### What is required
Any picture in the listing is left out of the copy; all else is duplicated exactly.

__________

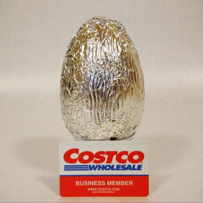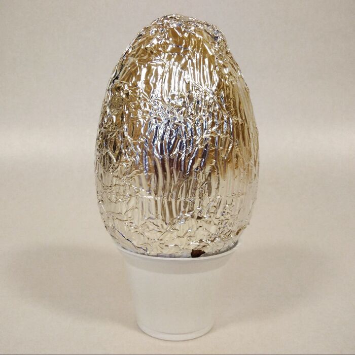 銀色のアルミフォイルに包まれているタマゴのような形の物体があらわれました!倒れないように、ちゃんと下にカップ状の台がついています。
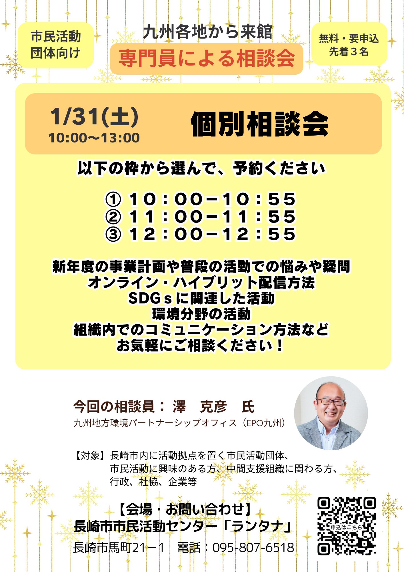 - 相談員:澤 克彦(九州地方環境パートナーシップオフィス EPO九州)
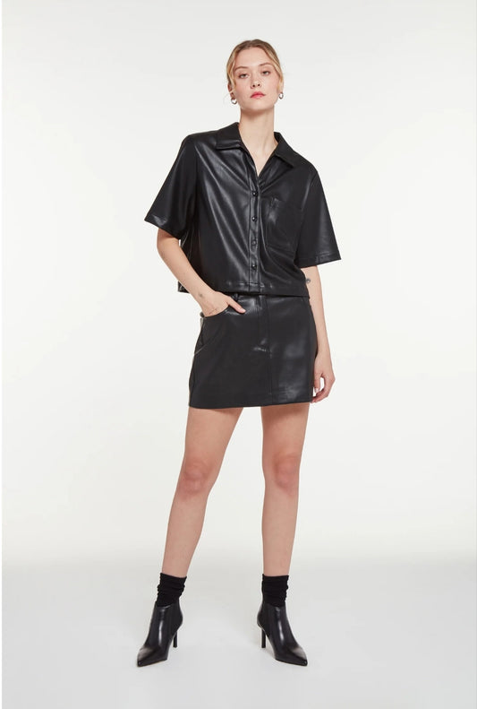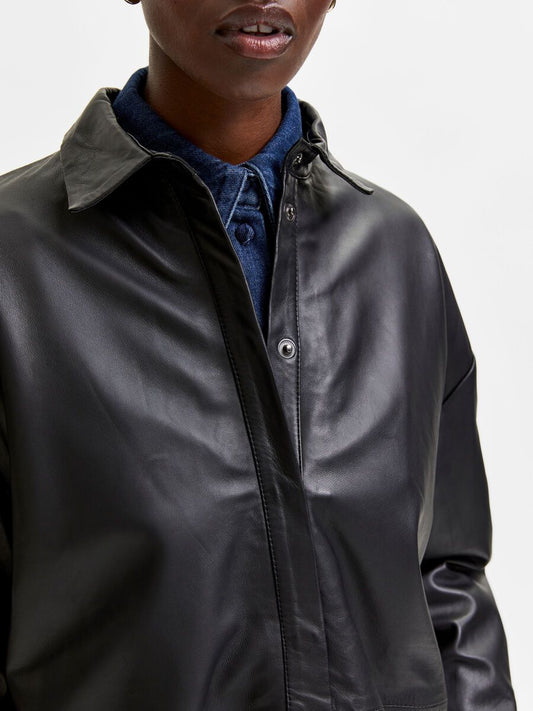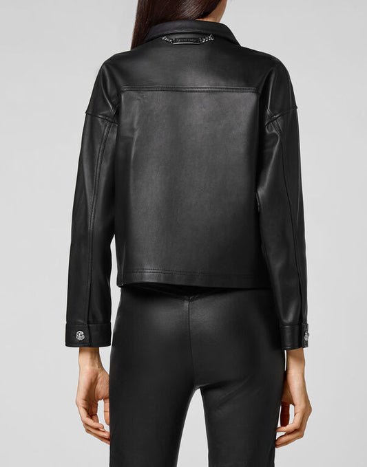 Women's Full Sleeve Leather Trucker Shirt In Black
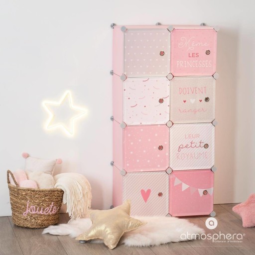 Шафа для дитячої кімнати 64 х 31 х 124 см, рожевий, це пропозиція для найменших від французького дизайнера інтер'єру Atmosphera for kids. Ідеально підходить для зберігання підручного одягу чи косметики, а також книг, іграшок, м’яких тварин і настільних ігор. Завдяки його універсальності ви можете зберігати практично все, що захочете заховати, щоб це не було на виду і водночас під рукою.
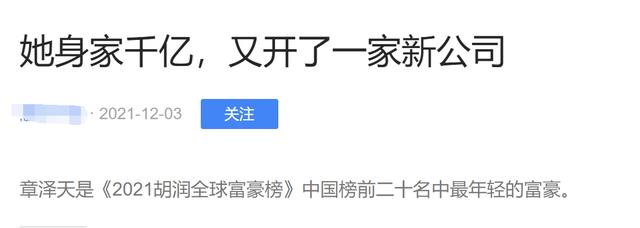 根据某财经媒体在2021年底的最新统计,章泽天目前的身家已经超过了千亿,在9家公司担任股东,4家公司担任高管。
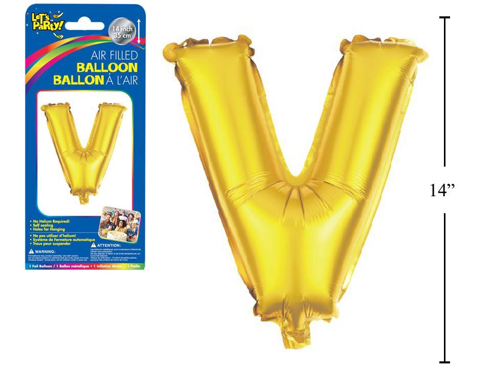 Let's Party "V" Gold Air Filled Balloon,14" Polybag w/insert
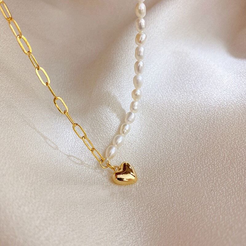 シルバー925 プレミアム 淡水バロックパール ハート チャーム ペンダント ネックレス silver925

__________

### Response below
 銀色のアルミフォイルに包まれているタマゴのような形の物体があらわれました!倒れないように、ちゃんと下にカップ状の台がついています。
 - 相談員:澤 克彦(九州地方環境パートナーシップオフィス EPO九州)
 Women's Full Sleeve Leather Trucker Shirt In Black
 Шафа для дитячої кімнати 64 х 31 х 124 см, рожевий, це пропозиція для найменших від французького дизайнера інтер'єру Atmosphera for kids. Ідеально підходить для зберігання підручного одягу чи косметики, а також книг, іграшок, м’яких тварин і настільних ігор. Завдяки його універсальності ви можете зберігати практично все, що захочете заховати, щоб це не було на виду і водночас під рукою.
 根据某财经媒体在2021年底的最新统计,章泽天目前的身家已经超过了千亿,在9家公司担任股东,4家公司担任高管。
 Let's Party "V" Gold Air Filled Balloon,14" Polybag w/insert
 シルバー925 プレミアム 淡水バロックパール ハート チャーム ペンダント ネックレス silver925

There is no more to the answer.